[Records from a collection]
▼

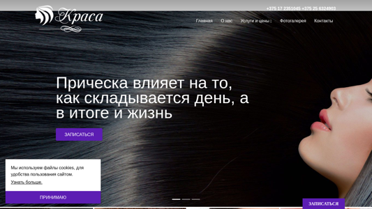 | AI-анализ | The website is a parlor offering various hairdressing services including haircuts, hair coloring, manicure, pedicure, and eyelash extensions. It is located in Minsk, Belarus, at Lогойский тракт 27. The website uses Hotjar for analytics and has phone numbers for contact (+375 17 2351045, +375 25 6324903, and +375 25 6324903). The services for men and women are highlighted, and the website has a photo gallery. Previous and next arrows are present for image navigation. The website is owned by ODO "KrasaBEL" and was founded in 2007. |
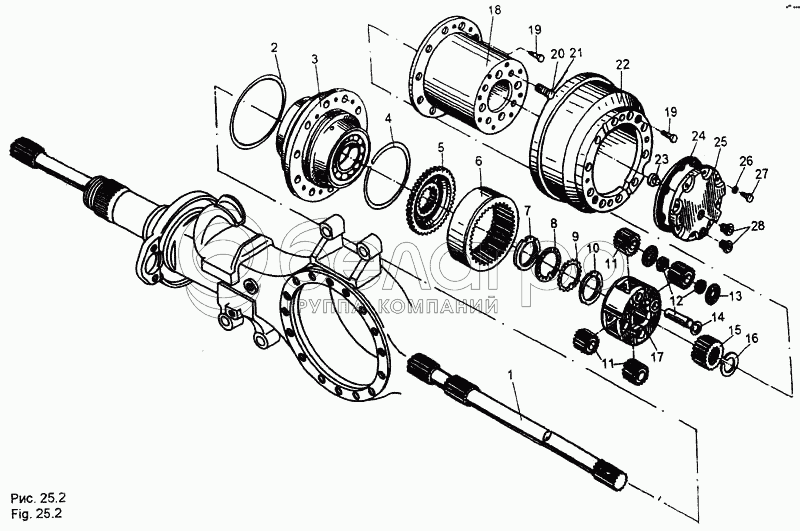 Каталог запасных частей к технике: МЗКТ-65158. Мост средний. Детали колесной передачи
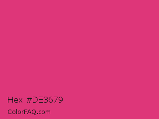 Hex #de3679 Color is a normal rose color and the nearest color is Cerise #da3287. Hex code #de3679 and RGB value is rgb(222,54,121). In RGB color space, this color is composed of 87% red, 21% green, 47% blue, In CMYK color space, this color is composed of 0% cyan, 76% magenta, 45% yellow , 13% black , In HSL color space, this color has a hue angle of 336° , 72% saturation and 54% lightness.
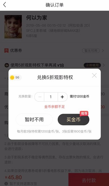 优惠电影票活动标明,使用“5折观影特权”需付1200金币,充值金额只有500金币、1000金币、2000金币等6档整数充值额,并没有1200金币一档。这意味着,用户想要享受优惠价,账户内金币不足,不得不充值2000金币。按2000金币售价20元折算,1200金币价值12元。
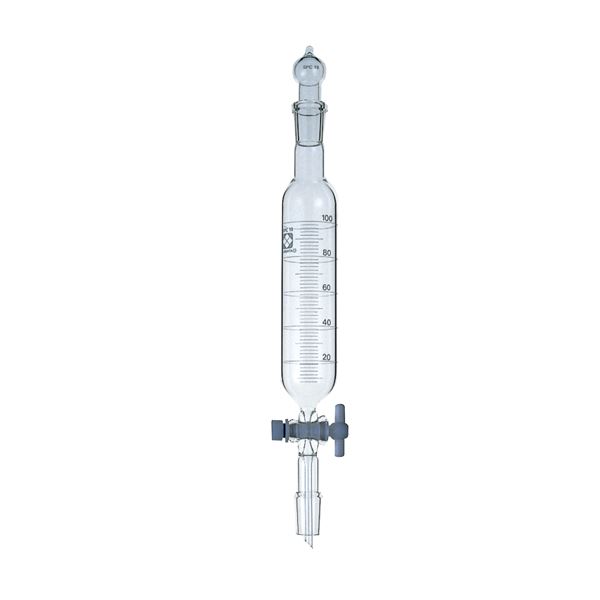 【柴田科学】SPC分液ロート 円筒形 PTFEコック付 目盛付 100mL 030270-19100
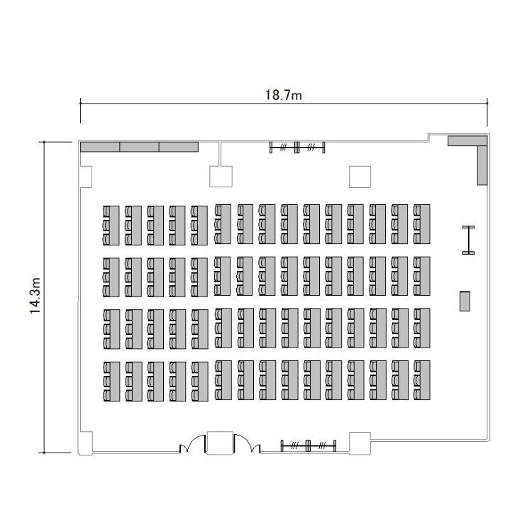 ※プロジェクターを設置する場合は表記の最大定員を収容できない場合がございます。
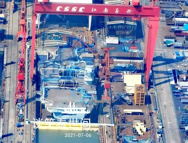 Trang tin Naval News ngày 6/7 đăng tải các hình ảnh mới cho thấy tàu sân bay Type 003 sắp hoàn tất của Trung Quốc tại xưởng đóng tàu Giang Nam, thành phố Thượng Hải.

▲

- What you should do
The expected output is the exact run of lines from the one containing "目盛付 100mL 030270-19100" through the final line of the data above, both ends included, with no pictures.

- Task response
 【柴田科学】SPC分液ロート 円筒形 PTFEコック付 目盛付 100mL 030270-19100
 ※プロジェクターを設置する場合は表記の最大定員を収容できない場合がございます。
 Trang tin Naval News ngày 6/7 đăng tải các hình ảnh mới cho thấy tàu sân bay Type 003 sắp hoàn tất của Trung Quốc tại xưởng đóng tàu Giang Nam, thành phố Thượng Hải.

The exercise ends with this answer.